• Aim of the task:
Only the lines from the one that contains "Considérese una rotación" through the end of the entries, both included, should be transcribed, exactly and without pictures.

Records drawn from a dataset
#####
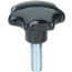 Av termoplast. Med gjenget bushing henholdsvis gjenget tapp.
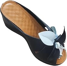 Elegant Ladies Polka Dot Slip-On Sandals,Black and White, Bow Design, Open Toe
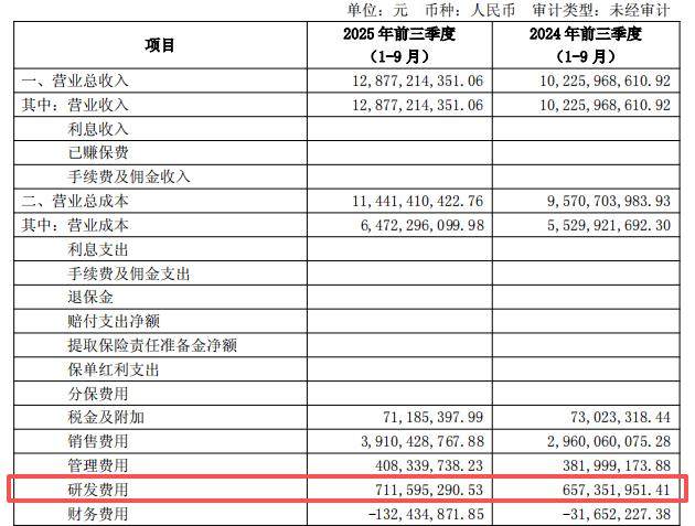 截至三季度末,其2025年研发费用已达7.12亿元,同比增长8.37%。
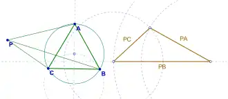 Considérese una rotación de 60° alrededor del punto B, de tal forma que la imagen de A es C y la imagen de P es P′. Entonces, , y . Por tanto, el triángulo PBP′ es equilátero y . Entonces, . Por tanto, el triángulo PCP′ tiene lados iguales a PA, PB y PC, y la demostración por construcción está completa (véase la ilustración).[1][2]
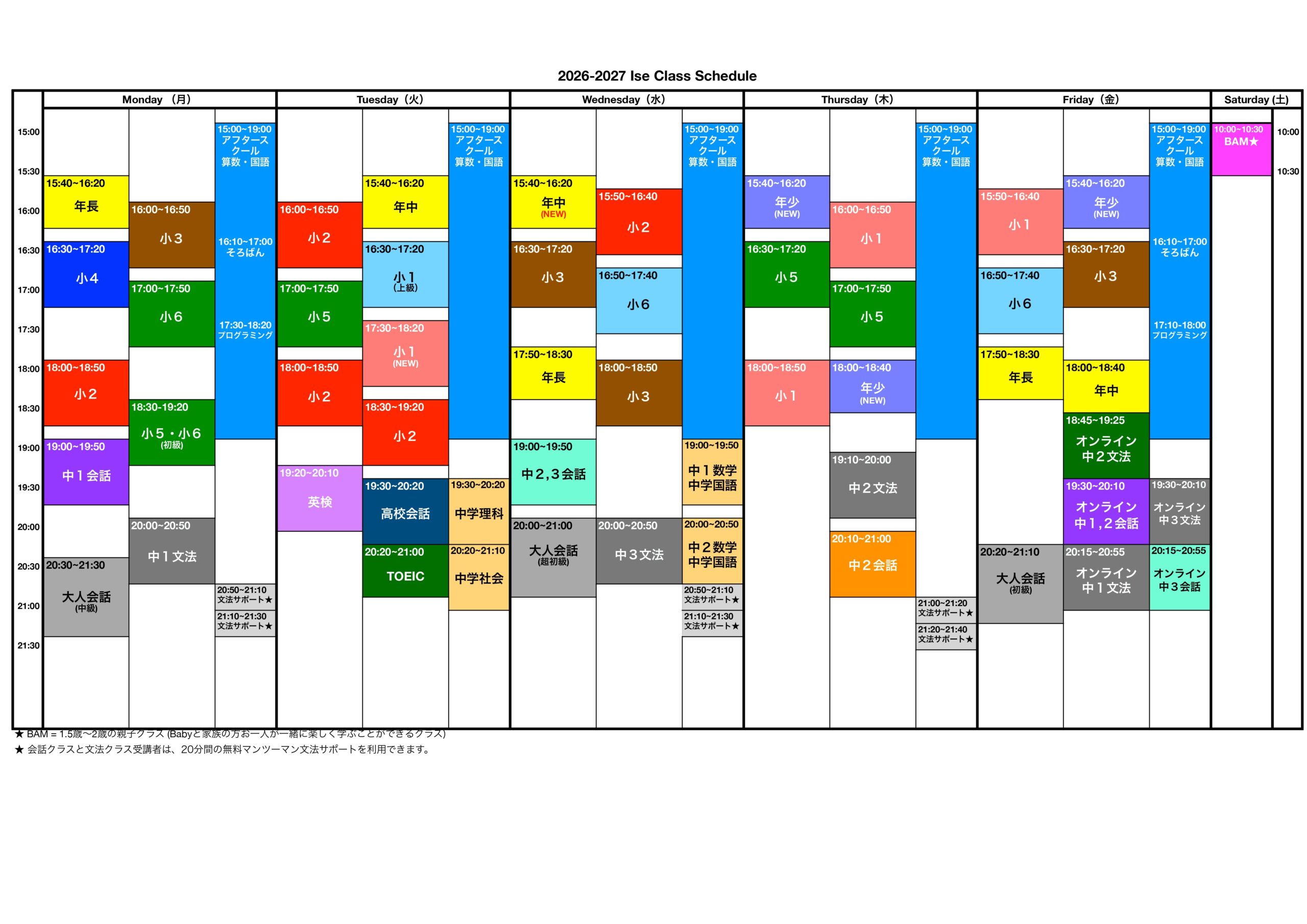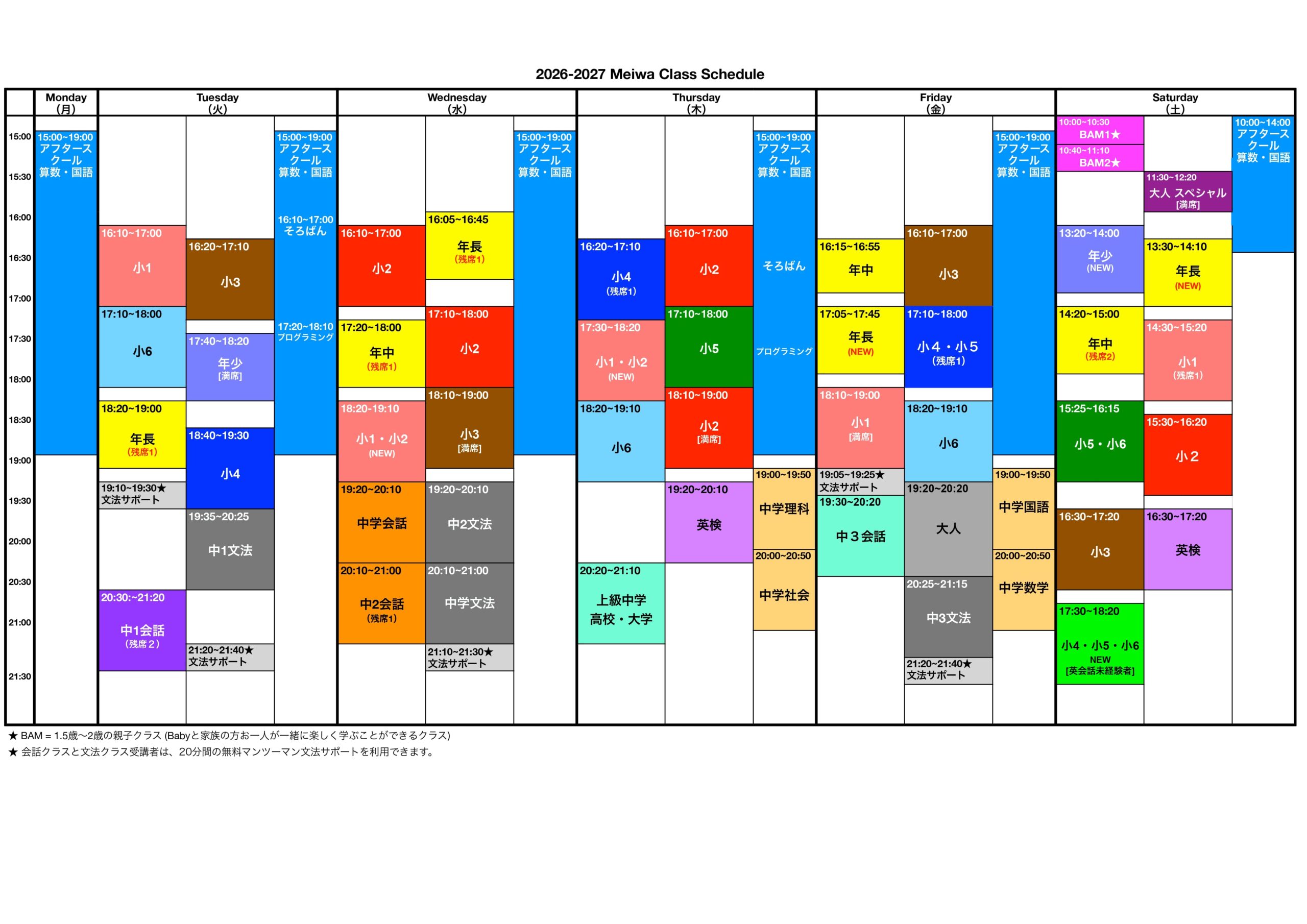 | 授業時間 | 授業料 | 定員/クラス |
#####
• Result of this exercise:
 Considérese una rotación de 60° alrededor del punto B, de tal forma que la imagen de A es C y la imagen de P es P′. Entonces, , y . Por tanto, el triángulo PBP′ es equilátero y . Entonces, . Por tanto, el triángulo PCP′ tiene lados iguales a PA, PB y PC, y la demostración por construcción está completa (véase la ilustración).[1][2]
 | 授業時間 | 授業料 | 定員/クラス |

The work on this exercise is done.